TRY IT: Extract the opening line of the entries and every line after it, stopping at and including the line that contains "Obr. 1.5 MM 15.3.1122 ( www.metmuseum.org )". Do not include pictures.

___ DATA FOR REVIEW ___

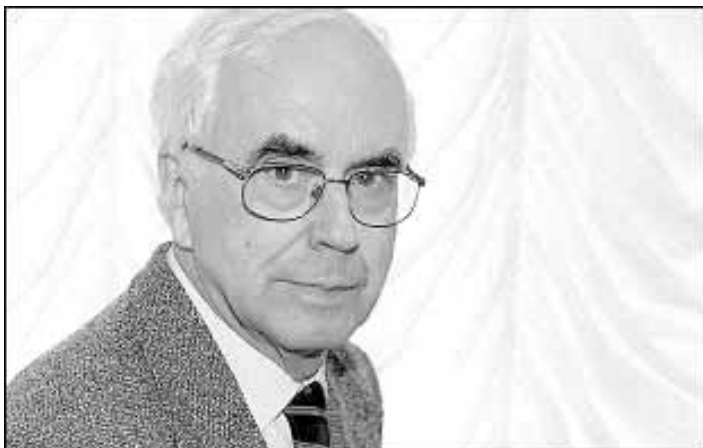
Josep Maria Espinàs
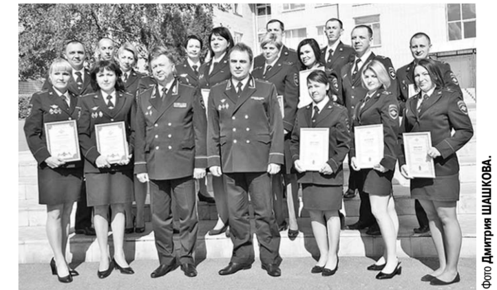
Победители и призёры конкурса с наградами.

Подведены итоги Всероссийского конкурса профессионального мастерства среди сотрудников территориальных органов МВД РФ на звание «Лучший по профессии», который прошёл в Воронежском институте МВД России. В числе его победителей – представитель ГУ МВД России по Воронежской области.
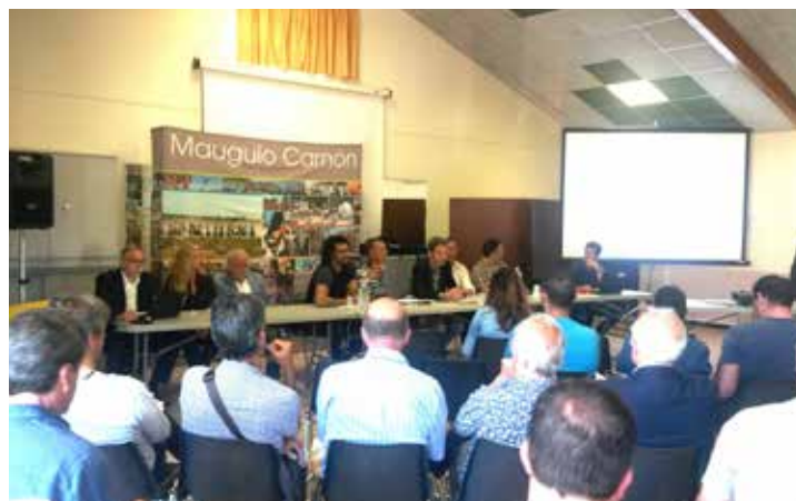
Colloque du 14 avril 2016

Thème 2017 : Mécénat et sponsoring, outils pour financer vos projets (18 avril 2017)
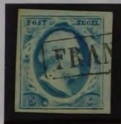
1854 PLAAT III 1k. LICHTBLAUW
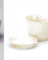
38835-179 みじんタコ唐草そば千代口 540円 100入 (8.3×6.3cm・200cc)
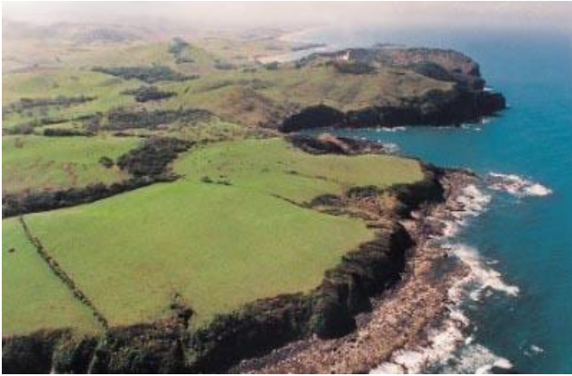
Laguna de Sontecomapan
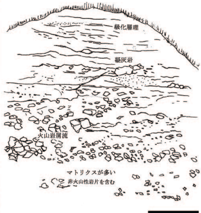
図3 露頭No.4の堆積構造

下部は非火山性の亜円礫も含む，中部は火山角礫，上部は凝灰質泥岩。スケールバーは5m。
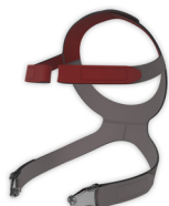
Оголовье CARA Full Face с зажимами ремней оголовья WM 25243
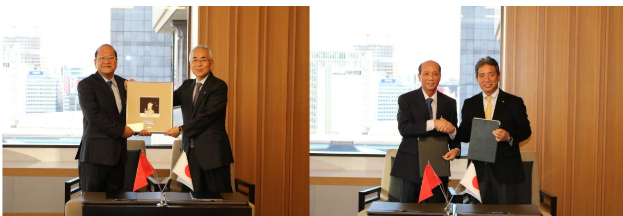
Một số hình ảnh: Lễ ký kết Hợp đồng thành lập Công ty liên doanh NYK Auto Logistics (Việt Nam) ngày 02/12/2016 tại Tokyo (Nhật Bản).
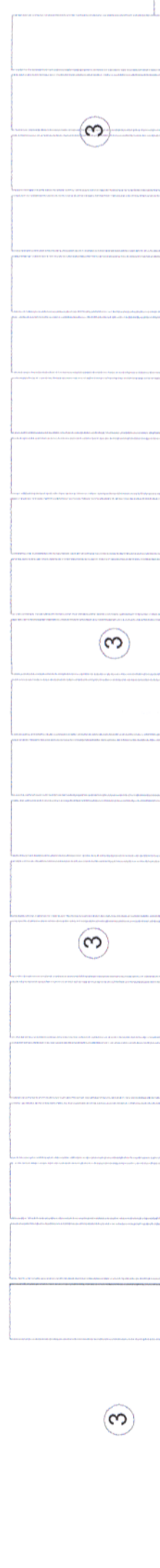
Gard din placi prefabricate
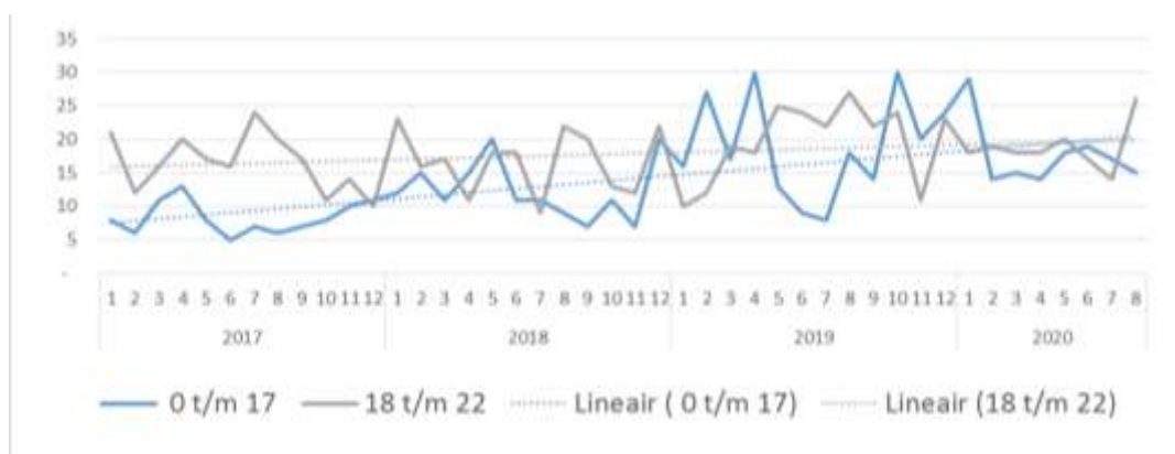
Grafiek 1. Aantal unieke steekincidenten met verdachte, 2017-2020

De laatste zes jaar ziet de politie een grillig maar stabiel patroon van 50 tot 140 steekincidenten per maand, ongeacht de leeftijd van de betrokken daders. Als gekeken wordt naar de categorie jonge verdachten, waaronder zowel minderjarigen als jongvolwassenen tot 23 jaar vallen, dan is vanaf 2017 op landelijk niveau een lichte toename van betrokkenheid bij steekincidenten te zien. Er is een sterkere stijging van het aantal steekincidenten in de leeftijdsgroep van 0 tot en met 17 jaar dan in de groep van jongvolwassenen.
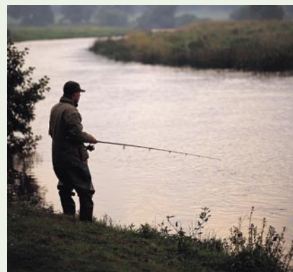
Loven skal sikre og genoprette både vandløb og de enge, de hører sammen med.

Statslige erhvervelser eller ekspropriation kan være den eneste farbare vej for at sikre et naturområde for eftertiden, sikre naturgenopretning eller sikre en god adgang for offentligheden. Derfor skal loven sikre, at der afsættes en tilpas beløbsramme på den årlige finanslov til disse formål.
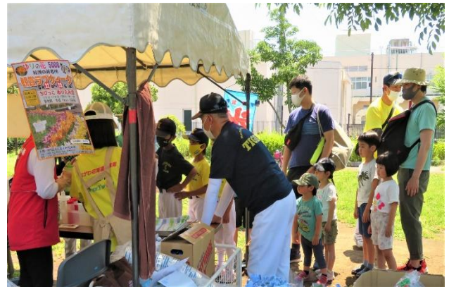
野球少年たちもかき氷に夢中です
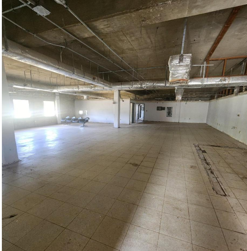
Figura No. 5: Estructura #192
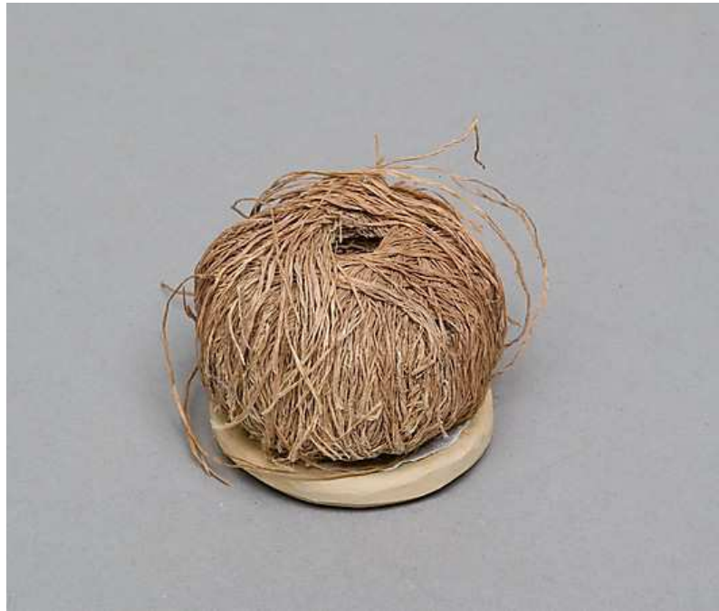
Obr. 1.5 MM 15.3.1122 ( www.metmuseum.org )
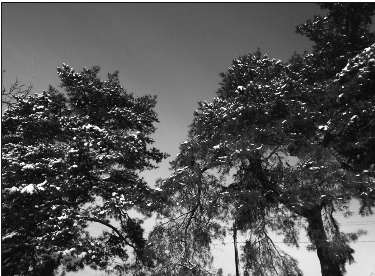
Тютюнникові сосни. Фото, с. Шилівка, 5 грудня 2016 р.

го саду» є основним нашим науковим посібником. І ось несподіванка – із книгою «„Усе живе – тепле“. Нове про Григора Тютюнника» Олександр Шугай з’явився на Тютюнниківських читаннях.
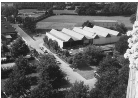
Afbraak van de sporthal in 1988.

Uit een nacalculatie in 1977 bleek dat in totaal 1,2 miljoen gulden was uitgegeven. Aan de architect, de bouw en het meerwerk, de inrichting van de hal, de aanleg van de parkeerplaats en aan het toezicht houden door de gemeente. Het onderwijs gebruikte de hal toen bijna 50 uren per week en anderen een kleine 20 uren. Geen gek resultaat!
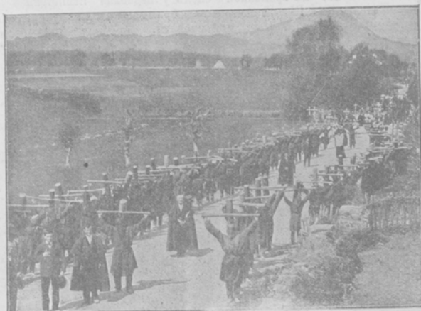
Процессія кающихся въ Испаніи въ Страстную Пятницу. Такія процессіи „кающихся“, съ тяжелыми крестами, до нынѣ происходятъ на границахъ Испаніи и Франціи. Нашъ рисунокъ рельефно изображаетъ этотъ пережитокъ средневѣковой старины.
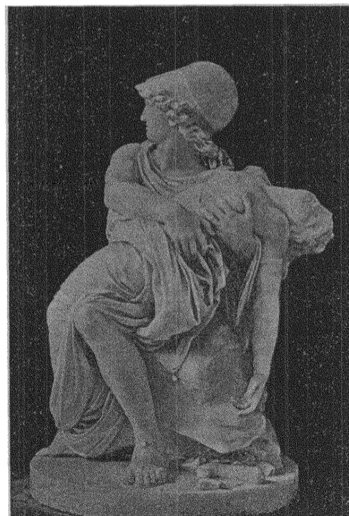
Sergel: MARS OCH VENUS.
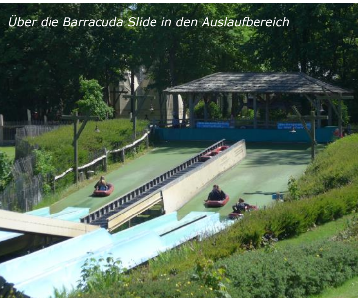
Über die Barracuda Slide in den Auslaufbereich

___

OUTPUT BELOW:
Josep Maria Espinàs
Победители и призёры конкурса с наградами.

Подведены итоги Всероссийского конкурса профессионального мастерства среди сотрудников территориальных органов МВД РФ на звание «Лучший по профессии», который прошёл в Воронежском институте МВД России. В числе его победителей – представитель ГУ МВД России по Воронежской области.
Colloque du 14 avril 2016

Thème 2017 : Mécénat et sponsoring, outils pour financer vos projets (18 avril 2017)
1854 PLAAT III 1k. LICHTBLAUW
38835-179 みじんタコ唐草そば千代口 540円 100入 (8.3×6.3cm・200cc)
Laguna de Sontecomapan
図3 露頭No.4の堆積構造

下部は非火山性の亜円礫も含む，中部は火山角礫，上部は凝灰質泥岩。スケールバーは5m。
Оголовье CARA Full Face с зажимами ремней оголовья WM 25243
Một số hình ảnh: Lễ ký kết Hợp đồng thành lập Công ty liên doanh NYK Auto Logistics (Việt Nam) ngày 02/12/2016 tại Tokyo (Nhật Bản).
Gard din placi prefabricate
Grafiek 1. Aantal unieke steekincidenten met verdachte, 2017-2020

De laatste zes jaar ziet de politie een grillig maar stabiel patroon van 50 tot 140 steekincidenten per maand, ongeacht de leeftijd van de betrokken daders. Als gekeken wordt naar de categorie jonge verdachten, waaronder zowel minderjarigen als jongvolwassenen tot 23 jaar vallen, dan is vanaf 2017 op landelijk niveau een lichte toename van betrokkenheid bij steekincidenten te zien. Er is een sterkere stijging van het aantal steekincidenten in de leeftijdsgroep van 0 tot en met 17 jaar dan in de groep van jongvolwassenen.
Loven skal sikre og genoprette både vandløb og de enge, de hører sammen med.

Statslige erhvervelser eller ekspropriation kan være den eneste farbare vej for at sikre et naturområde for eftertiden, sikre naturgenopretning eller sikre en god adgang for offentligheden. Derfor skal loven sikre, at der afsættes en tilpas beløbsramme på den årlige finanslov til disse formål.
野球少年たちもかき氷に夢中です
Figura No. 5: Estructura #192
Obr. 1.5 MM 15.3.1122 ( www.metmuseum.org )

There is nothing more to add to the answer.